How do I troubleshoot issues with the API server endpoint of my Amazon EKS cluster?

Last updated: 2022-08-17

I can't run kubectl commands. Also, I changed the endpoint access setting from public to private on my Amazon Elastic Kubernetes Service (Amazon EKS) cluster. Now, my cluster is stuck in the Failed state.

Short description

If you have issues with your Kubernetes API server endpoint, complete the steps in one of the following sections:

  • You can't run kubectl commands on the new or existing cluster
  • You can't run kubectl commands on the cluster after you change the endpoint access from public to private
  • Your cluster is stuck in the Failed state and you can't change the endpoint access setting from public to private

Note: To set up access to the Kubernetes API server endpoint, see How do I set up public and private access to the API server in Amazon EKS?

Resolution

You can't run kubectl commands on the new or existing cluster

1.    Confirm that you're using the correct kubeconfig files to connect with your cluster. For more information, see Organizing cluster access using kubeconfig files (from the Kubernetes website).

2.    Check each cluster for multiple contexts in your kubeconfig files.

Example output:

kubectl config view -o jsonpath='{"Cluster name\tServer\n"}{range .clusters[*]}{.name}{"\t"}{.cluster.server}{"\n"}{end}'
Cluster name    Server
new200.us-east-2.eksctl.io       https://D8DC9092A7985668FF67C3D1C789A9F5.gr7.us-east-2.eks.amazonaws.com

If the existing kubeconfig files don't have the correct cluster details, then use the following command to create one with the correct details:

aws eks update-kubeconfig --name cluster name --region region

Note: Replace cluster name with your cluster's name and region with your AWS Region.

3.    Use the telnet on port 443 to validate the API server endpoint connectivity from your device.

Example output:

echo exit | telnet D8DC9092A7985668FF67C3D1C789A9F5.gr7.us-east-2.eks.amazonaws.com 443
Trying 18.224.160.210...
Connected to D8DC9092A7985668FF67C3D1C789A9F5.gr7.us-east-2.eks.amazonaws.com.
Escape character is '^]'.
Connection closed by foreign host.

If the telnet isn't working, then use the following steps to troubleshoot:

Check the DNS resolver

If the API server isn't resolving, then there's an issue with the DNS resolver.

Run the following command from the same device where the kubectl commands failed:

nslookup APISERVER endpoint

Note: Replace APISERVER endpoint with your APISERVER endpoint.

Check if you restricted public access to the API server endpoint

If you specified CIDR blocks to limit access to the public API server endpoint, then it's a best practice to also activate private endpoint access.

4.    Check the API server endpoint access behavior. See Modifying cluster endpoint access.

You can't run kubectl commands on the cluster after you change the endpoint access from public to private

1.    Confirm that you're using a bastion host or connected networks, such as peered VPCs, AWS Direct Connect, or VPNs, to access the Amazon EKS API endpoint.

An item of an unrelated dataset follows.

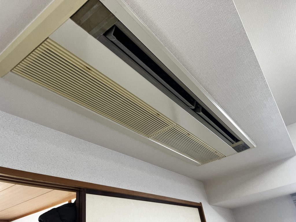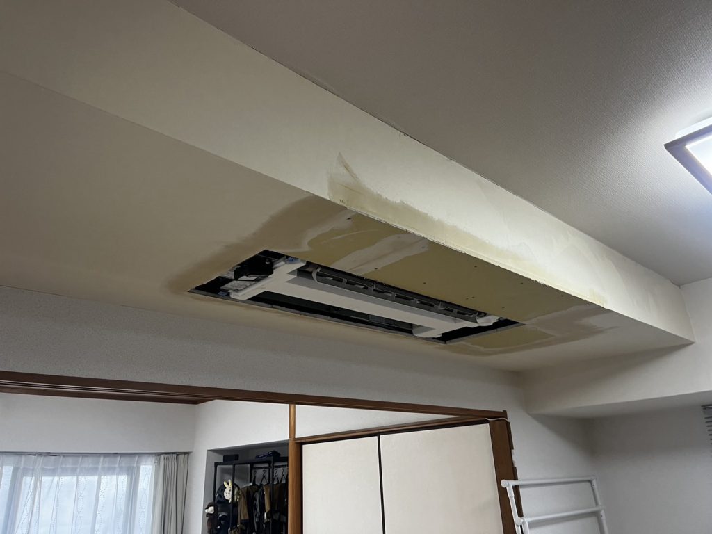 「古い天井埋込型を新しいサイズへ入れ替えたいけど、開口が大きくて隠れない…」——そんなケース、実はよくあります。今回は京都市のマンションで、家庭用ハウジングエアコン(1方向吹き)の入替工事に加え、ボード補修とクロス貼りまで当社でまとめて施工しました。

Note: In private access mode, you can access the Amazon EKS API endpoint only from within the cluster's VPC.

2.    Check whether security groups or network access control lists are blocking the API calls.

If you access your cluster across a peered VPC, then confirm that the control plane security groups allow access from the peered VPC to the control plan security groups at port 443. Also, verify that the peered VPCs have port 53 open to each other. Port 53 is used for DNS resolution.

Your cluster is stuck in the Failed state and you can't change the endpoint access setting from public to private

Your cluster might be in the Failed state because of a permissions issue with AWS Identity and Access Management (IAM).

1.    Confirm that the IAM role for the user is authorized to perform the AssociateVPCWithHostedZone action.

Note: If the action isn't blocked, then check whether the user's account has AWS Organizations policies that are blocking the API calls and causing the cluster to fail.

2.    Confirm that the IAM user's permission isn't implicitly or explicitly blocked at any level above the account.

Note: IAM user permission is implicitly blocked if it's not included in the Allow policy statement. It's explicitly blocked if it's included in the Deny policy statement. Permission is blocked even if the account administrator attaches the AdministratorAccess IAM policy with */* permissions to the user. Permissions from AWS Organizations policies override the permissions for IAM entities.